That Cake! (Aka) Brown Sugar Pudding Cake image

This Cake is so good. This is the one I talk about on my page. It is quite simple to make but has the texture closer to a bread pudding. The family just loves this and have requested it on many occasions Including a Double layer Bundt cake for a wedding. NOTE: In all my recipes I use (I can't believe it's not butter)spread and it works great and taste great.

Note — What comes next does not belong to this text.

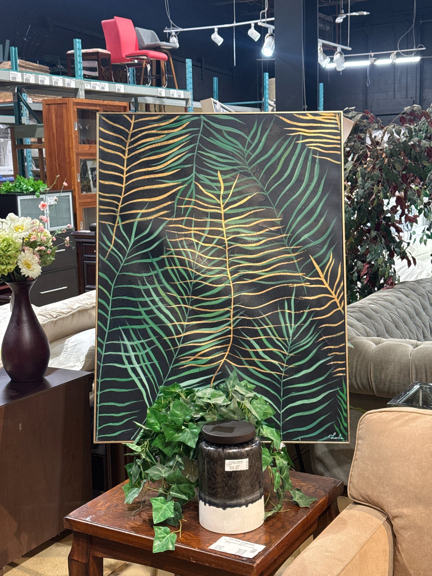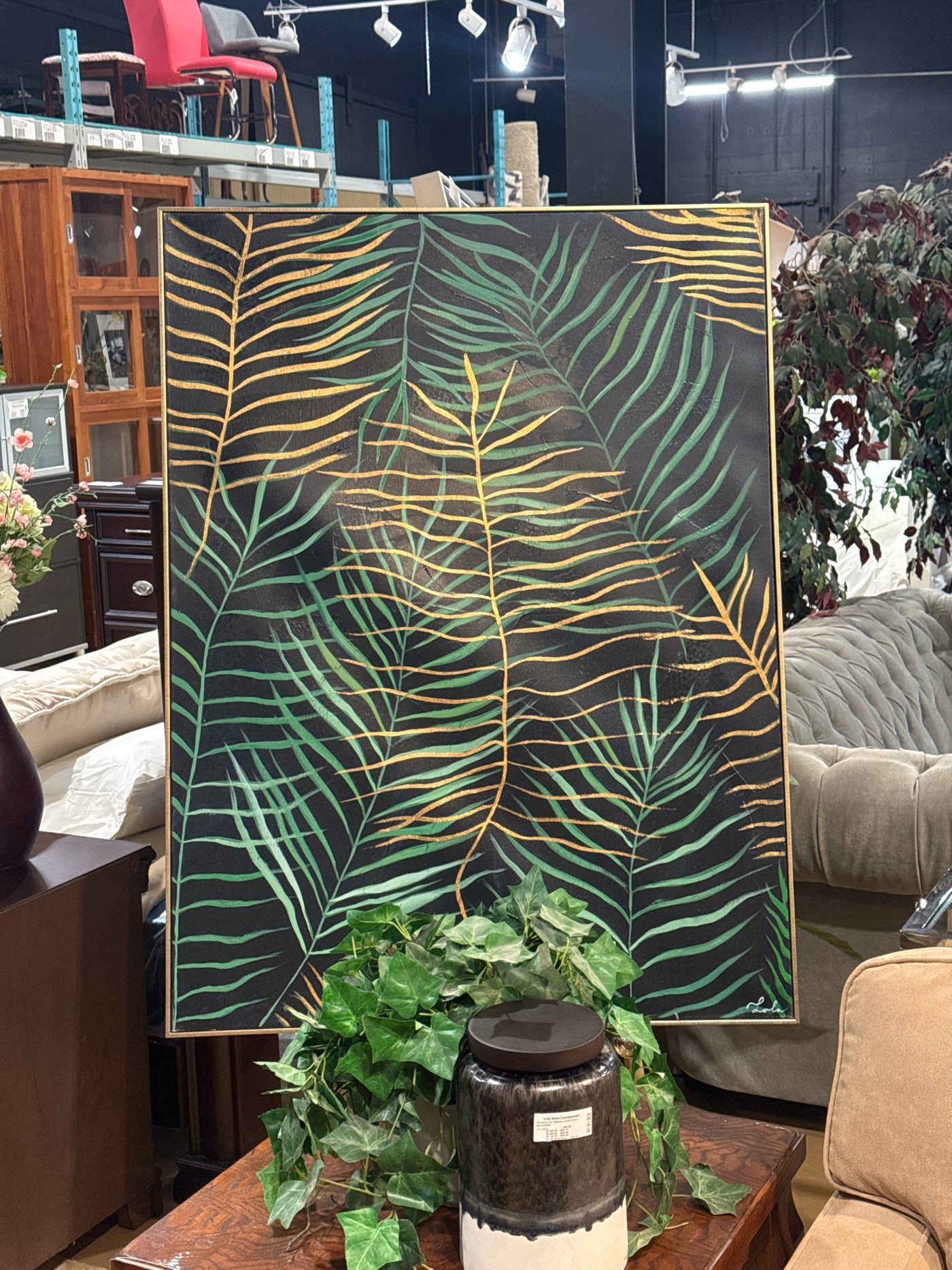 {"id":8442693189769,"title":"Gold Framed Canvas Wall Art [MHF]","handle":"gold-framed-canvas-wall-art-mhf","description":"3'W x 4'H Gold Framed Canvas Wall Art (Black\/Green\/Gold Fern Leaves)\u003cbr\u003e\u003cbr\u003e\n\u003cul\u003e\n\u003cli\u003e\n\u003cb\u003eModel Home Item\u003c\/b\u003e = From Richcraft Homes\u003c\/li\u003e\n\u003cbr\u003e\u003cbr\u003e\n\u003c\/ul\u003e\n\u003cb\u003e Item Number: \u003c\/b\u003e\n741-4488\u003cbr\u003e\u003cbr\u003e\n\u003cb\u003e Item ID: \u003c\/b\u003e\n93370\u003cbr\u003e\u003cbr\u003e\n\u003cb\u003e Category: \u003c\/b\u003e\nArt\u003cbr\u003e\u003cbr\u003e","published_at":"2026-02-12T12:47:01-05:00","created_at":"2026-02-06T15:21:42-05:00","vendor":"Total Home Consignment","type":"Art","tags":["1860 Bank Street","closet_1741","From Richcraft Homes"],"price":7565,"price_min":7565,"price_max":7565,"available":true,"price_varies":false,"compare_at_price":null,"compare_at_price_min":0,"compare_at_price_max":0,"compare_at_price_varies":false,"variants":[{"id":45240469520521,"title":"Default Title","option1":"Default Title","option2":null,"option3":null,"sku":"93370","requires_shipping":true,"taxable":true,"featured_image":null,"available":true,"name":"Gold Framed Canvas Wall Art [MHF]","public_title":null,"options":["Default Title"],"price":7565,"weight":0,"compare_at_price":null,"inventory_management":"shopify","barcode":"00093370","requires_selling_plan":false,"selling_plan_allocations":[]}],"images":["\/\/totalhomeconsignment.com\/cdn\/shop\/files\/0176ffa4135cdacf25dcd51fcfb42e7c_487eba4b-5ab6-4aec-b42d-975f21af5f6a.jpg?v=1770918425","\/\/totalhomeconsignment.com\/cdn\/shop\/files\/3a0f29b38c2478970752c77e536145c1_c858fa3f-759b-4e65-a0c0-6ab24f955e0f.jpg?v=1770918425","\/\/totalhomeconsignment.com\/cdn\/shop\/files\/1b029a56ab3270a7e1fe5713f5f39787_e26922a8-2ca4-4bb7-9b02-89aeb264cb2a.jpg?v=1770918425"],"featured_image":"\/\/totalhomeconsignment.com\/cdn\/shop\/files\/0176ffa4135cdacf25dcd51fcfb42e7c_487eba4b-5ab6-4aec-b42d-975f21af5f6a.jpg?v=1770918425","options":["Title"],"media":[{"alt":null,"id":29653899837577,"position":1,"preview_image":{"aspect_ratio":0.75,"height":2048,"width":1536,"src":"\/\/totalhomeconsignment.com\/cdn\/shop\/files\/0176ffa4135cdacf25dcd51fcfb42e7c_487eba4b-5ab6-4aec-b42d-975f21af5f6a.jpg?v=1770918425"},"aspect_ratio":0.75,"height":2048,"media_type":"image","src":"\/\/totalhomeconsignment.com\/cdn\/shop\/files\/0176ffa4135cdacf25dcd51fcfb42e7c_487eba4b-5ab6-4aec-b42d-975f21af5f6a.jpg?v=1770918425","width":1536},{"alt":null,"id":29653899870345,"position":2,"preview_image":{"aspect_ratio":0.75,"height":2048,"width":1536,"src":"\/\/totalhomeconsignment.com\/cdn\/shop\/files\/3a0f29b38c2478970752c77e536145c1_c858fa3f-759b-4e65-a0c0-6ab24f955e0f.jpg?v=1770918425"},"aspect_ratio":0.75,"height":2048,"media_type":"image","src":"\/\/totalhomeconsignment.com\/cdn\/shop\/files\/3a0f29b38c2478970752c77e536145c1_c858fa3f-759b-4e65-a0c0-6ab24f955e0f.jpg?v=1770918425","width":1536},{"alt":null,"id":29653899903113,"position":3,"preview_image":{"aspect_ratio":0.75,"height":2048,"width":1536,"src":"\/\/totalhomeconsignment.com\/cdn\/shop\/files\/1b029a56ab3270a7e1fe5713f5f39787_e26922a8-2ca4-4bb7-9b02-89aeb264cb2a.jpg?v=1770918425"},"aspect_ratio":0.75,"height":2048,"media_type":"image","src":"\/\/totalhomeconsignment.com\/cdn\/shop\/files\/1b029a56ab3270a7e1fe5713f5f39787_e26922a8-2ca4-4bb7-9b02-89aeb264cb2a.jpg?v=1770918425","width":1536}],"requires_selling_plan":false,"selling_plan_groups":[],"content":"3'W x 4'H Gold Framed Canvas Wall Art (Black\/Green\/Gold Fern Leaves)\u003cbr\u003e\u003cbr\u003e\n\u003cul\u003e\n\u003cli\u003e\n\u003cb\u003eModel Home Item\u003c\/b\u003e = From Richcraft Homes\u003c\/li\u003e\n\u003cbr\u003e\u003cbr\u003e\n\u003c\/ul\u003e\n\u003cb\u003e Item Number: \u003c\/b\u003e\n741-4488\u003cbr\u003e\u003cbr\u003e\n\u003cb\u003e Item ID: \u003c\/b\u003e\n93370\u003cbr\u003e\u003cbr\u003e\n\u003cb\u003e Category: \u003c\/b\u003e\nArt\u003cbr\u003e\u003cbr\u003e"}

Provided by Cookin In Texas

Categories     Dessert

Time 1h15m

Yield 10-12 serving(s)

Number Of Ingredients 16

1 (18 1/4 ounce) box moist yellow cake mix
1 (3 1/2 ounce) box vanilla instant pudding mix
4 large eggs
1/2 cup margarine or 1/2 cup butter, softened not melted
2/3 cup water
1 cup brown sugar, packed firm
1/2 teaspoon almond extract, pure
1/2 teaspoon vanilla extract, pure
1/4 teaspoon nutmeg
1/4 teaspoon cinnamon
3 tablespoons water
1/2 cup chopped fresh pecans
1/2 cup brown sugar, packed
4 tablespoons canned condensed milk
1 tablespoon margarine or 1 tablespoon butter
1/2 teaspoon vanilla extract, pure

Steps:

  • preheat oven to 350°F.
  • In large mixing bowl beat eggs till blended, while mixer is still going add margarine, water, pudding mix and blend well about 1 minute.
  • After this is done add cake mix beat on medium speed till well blended.
  • Stop mixer then add brown sugar, nutmeg and cinnamon, restart mixer and add your extracts, mix well.
  • Add the 3 Tbsp water blend, then fold in your pecans.
  • Batter should be thick but will still pour slowly out of the bowl.
  • Spray Bundt pan Well with floured baking spray, Pour batter evenly into Bundt pan.
  • Place Bundt pan onto center rack and bake 55-60 minutes, or until cake springs back when pressed.
  • IMPORTANT: *Do not open oven door until your baking time is almost up.(I know it's hard)But opening the oven to early on Bundt cakes cause them to drop.*.
  • When done remove pan from oven and set on wire rack for 5 minutes just long enough for pan to cool a little.
  • Next move the pan into the freezer for 20 minutes.
  • After 20 minutes remove the cake and pan from the freezer and invert it onto a cake plate. and start your glaze.
  • GLAZE:.
  • In a sauce pan combine sugar, milk and butter.
  • Cook over medium high heat stirring constantly, Mixture will start to boil.
  • Boil mixture for 3 minutes stirring constantly.
  • After 3 minutes remove from heat then add the vanilla and stir, keep stirring until glaze just begins to thicken.
  • Drizzle the amount of Carmel glaze you want over cake.
  • After cake and glaze have totally cooled sprinkle a lite dusting of powdered sugar over entire cake just before serving.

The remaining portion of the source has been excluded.